Task to complete.
Below are records with pictures; copy word for word only the lines between the line with "Ο κτιριακός όγκος" and the line with "ش: قوله: (بصحة", inclusive, and drop the pictures.

Listed entries.
--- START ---

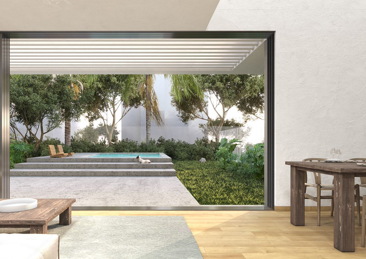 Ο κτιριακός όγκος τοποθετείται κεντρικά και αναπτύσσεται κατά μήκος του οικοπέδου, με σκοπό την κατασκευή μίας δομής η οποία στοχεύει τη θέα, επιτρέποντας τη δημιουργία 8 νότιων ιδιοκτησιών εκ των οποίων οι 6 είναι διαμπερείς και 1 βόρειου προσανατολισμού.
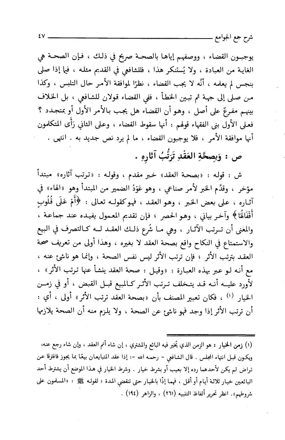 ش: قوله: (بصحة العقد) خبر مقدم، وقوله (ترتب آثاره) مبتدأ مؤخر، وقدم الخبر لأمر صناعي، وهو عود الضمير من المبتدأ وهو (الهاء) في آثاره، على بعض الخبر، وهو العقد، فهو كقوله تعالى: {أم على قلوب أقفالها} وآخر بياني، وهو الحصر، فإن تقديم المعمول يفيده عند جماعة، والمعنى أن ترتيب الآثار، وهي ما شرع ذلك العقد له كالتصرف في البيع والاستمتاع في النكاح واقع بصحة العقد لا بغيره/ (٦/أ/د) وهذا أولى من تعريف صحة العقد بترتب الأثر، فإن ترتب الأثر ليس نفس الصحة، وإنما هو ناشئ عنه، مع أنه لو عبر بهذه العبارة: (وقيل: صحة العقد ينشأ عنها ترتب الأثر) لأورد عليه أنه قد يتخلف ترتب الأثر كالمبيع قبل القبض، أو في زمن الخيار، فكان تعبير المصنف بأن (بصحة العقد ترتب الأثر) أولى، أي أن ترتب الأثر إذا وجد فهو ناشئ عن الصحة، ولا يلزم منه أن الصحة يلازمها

--- END ---
--- START ---

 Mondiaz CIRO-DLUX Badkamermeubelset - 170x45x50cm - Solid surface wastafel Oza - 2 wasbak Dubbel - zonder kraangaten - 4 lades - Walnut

--- END ---

Answer for the task.
 Ο κτιριακός όγκος τοποθετείται κεντρικά και αναπτύσσεται κατά μήκος του οικοπέδου, με σκοπό την κατασκευή μίας δομής η οποία στοχεύει τη θέα, επιτρέποντας τη δημιουργία 8 νότιων ιδιοκτησιών εκ των οποίων οι 6 είναι διαμπερείς και 1 βόρειου προσανατολισμού.
 ش: قوله: (بصحة العقد) خبر مقدم، وقوله (ترتب آثاره) مبتدأ مؤخر، وقدم الخبر لأمر صناعي، وهو عود الضمير من المبتدأ وهو (الهاء) في آثاره، على بعض الخبر، وهو العقد، فهو كقوله تعالى: {أم على قلوب أقفالها} وآخر بياني، وهو الحصر، فإن تقديم المعمول يفيده عند جماعة، والمعنى أن ترتيب الآثار، وهي ما شرع ذلك العقد له كالتصرف في البيع والاستمتاع في النكاح واقع بصحة العقد لا بغيره/ (٦/أ/د) وهذا أولى من تعريف صحة العقد بترتب الأثر، فإن ترتب الأثر ليس نفس الصحة، وإنما هو ناشئ عنه، مع أنه لو عبر بهذه العبارة: (وقيل: صحة العقد ينشأ عنها ترتب الأثر) لأورد عليه أنه قد يتخلف ترتب الأثر كالمبيع قبل القبض، أو في زمن الخيار، فكان تعبير المصنف بأن (بصحة العقد ترتب الأثر) أولى، أي أن ترتب الأثر إذا وجد فهو ناشئ عن الصحة، ولا يلزم منه أن الصحة يلازمها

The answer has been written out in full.